Here's my work to support this : $\displaystyle f$ is continuous in all $\displaystyle \mathbb{R}^2$ except maybe in $\displaystyle y=x-1$.

Right. But you could have been a bit more explicit here. For example you could have argued like this:

A is the half-plane below (and including) the line $\displaystyle y=x-1$. f happens to be continuous at any *inner* point of either A or $\displaystyle \mathbb{R}^2\backslash A$: because f happens to be identical to a continuous function in an entire neighborhood of such a point.

Thus, the only problematic points are those on the line $\displaystyle y=x-1$.

But note: by arguing like this you already assume that f restricted to A happens to be continuous, so that there is no reason to even try to prove it only for points on the line $\displaystyle y=x-1$ the way you do below:

I'll try to prove it is :

I want to prove that $\displaystyle \lim _{y \to x-1} f(x,y)=0$.

$\displaystyle \forall \varepsilon >0$, $\displaystyle \exists \delta (\varepsilon)$ such that if $\displaystyle |(x,y)-(x,x-1)|< \delta \Rightarrow |f(x,y)|< \varepsilon$.

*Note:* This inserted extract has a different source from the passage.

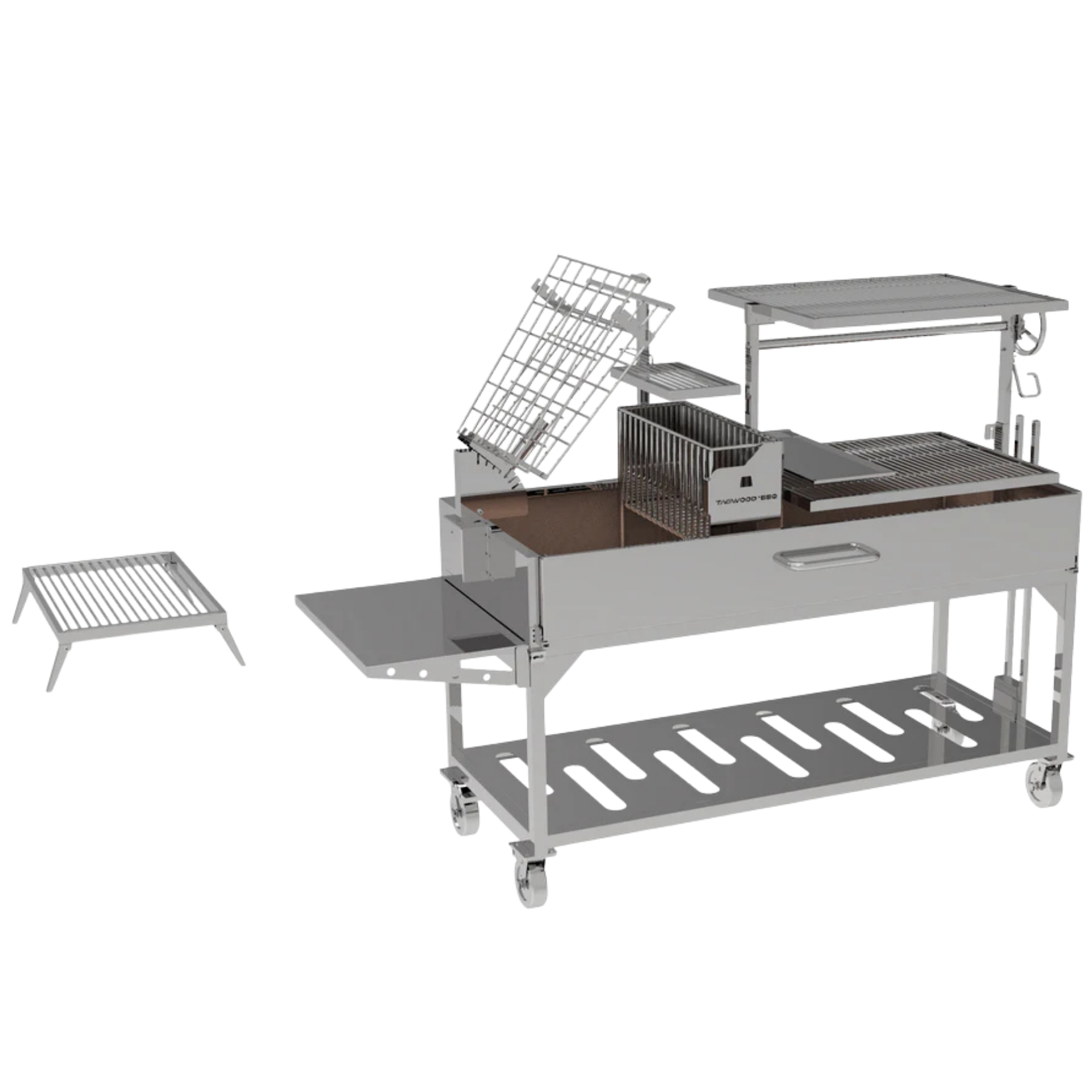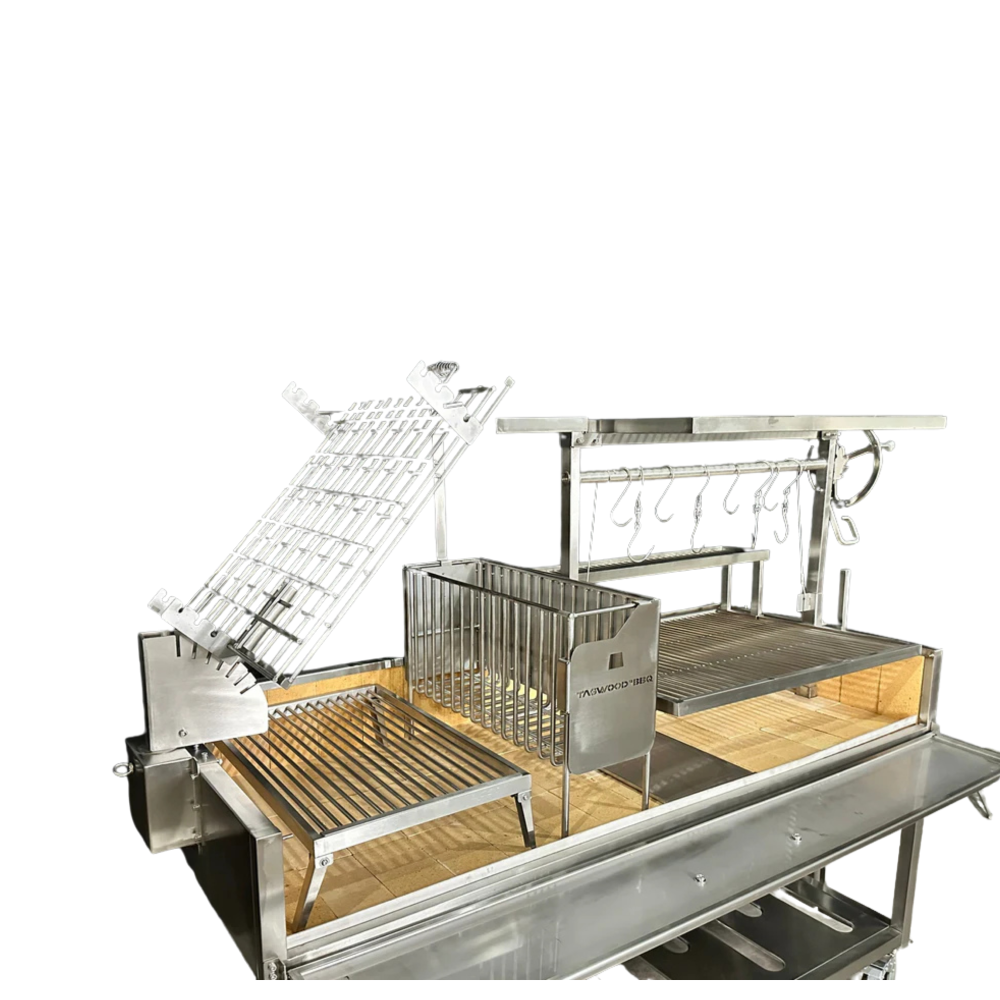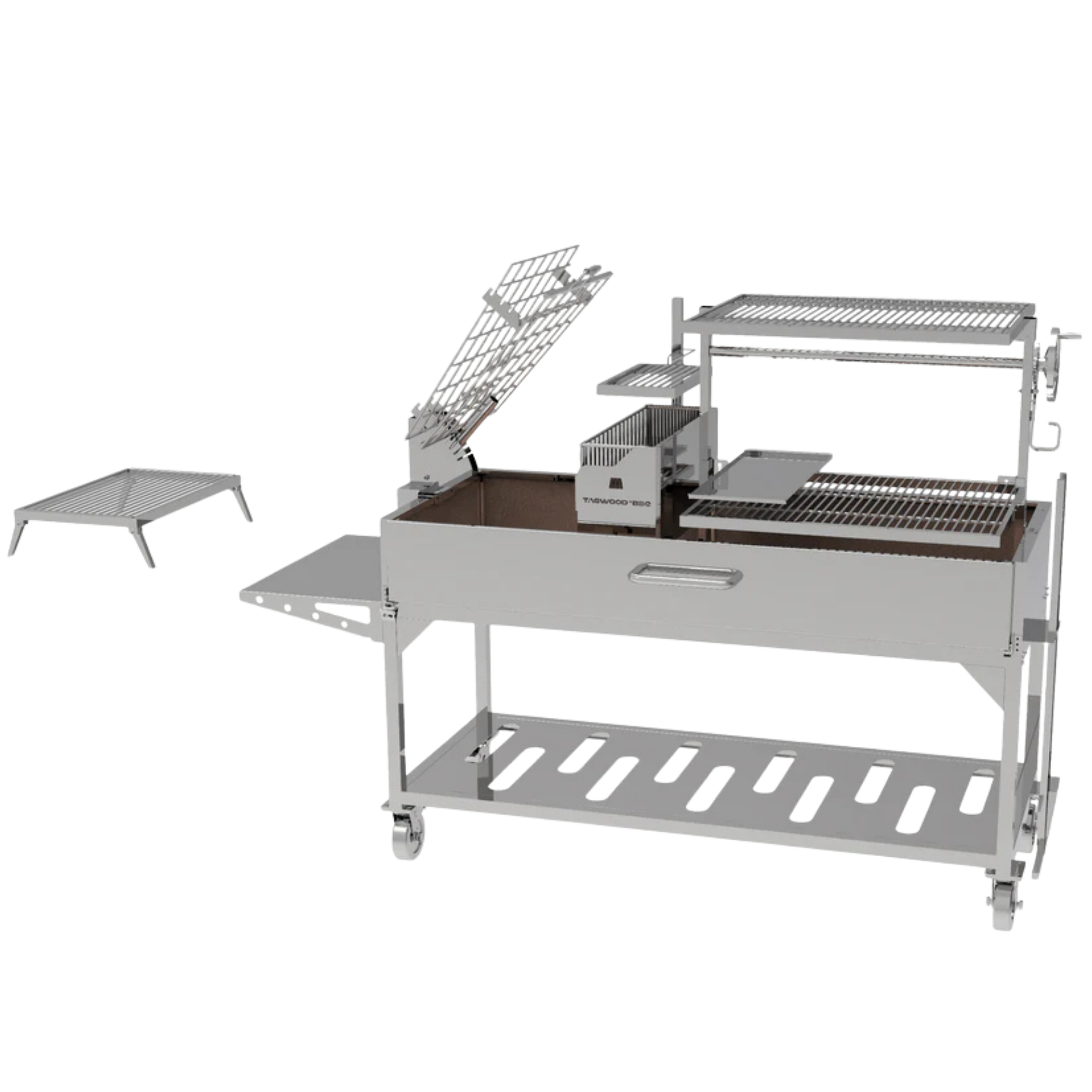 Dzięki palenisku typu „brasero” w stylu gaucho, konstrukcja ta znacznie upraszcza proces rozpalania węgla drzewnego, zmniejszając wysiłek i jednocześnie utrzymując płomień w odpowiedniej odległości od potrawy.

$\displaystyle \Leftrightarrow |\sqrt{(y-x+1)^2}|<\delta \Rightarrow |y^2-(x-1)^2|<\varepsilon \Leftrightarrow y-x+1 < \delta \Rightarrow |y^2-(x-1)^2|< \varepsilon$ which work if I take $\displaystyle \delta=\sqrt \varepsilon$. Hmm no it doesn't work. I must sleep now, will think about it.

If you have any help to provide, it's always a pleasure for me. Don't hesitate.

Maybe you find it difficult to prove that $\displaystyle f(x,y)$ goes to $\displaystyle f(x_0,y_0)$ as $\displaystyle (x,y)\in A$ tends to $\displaystyle (x_0,y_0)\in A$. Initially I wouldn't have thought of even trying to prove this: one usually assumes that a polynomial function $\displaystyle f:\mathbb{R}^n\rightarrow \mathbb{R}$ of the coordinates of a point of $\displaystyle \mathbb{R}^n$ is continuous without further addo. This is because the projection of a point of $\displaystyle \mathbb{R}^n$ onto its k-th coordinate is continuous, and that sums and products of continous functions are continuous.

Thus there is no reason to prove continuity of a polynomial in the coordinates for each and every such polynomial using a pure delta-epsilon argument: it would be too much work (depending on the complexity of the polynomial) and it wouldn't be particularly enlightening either.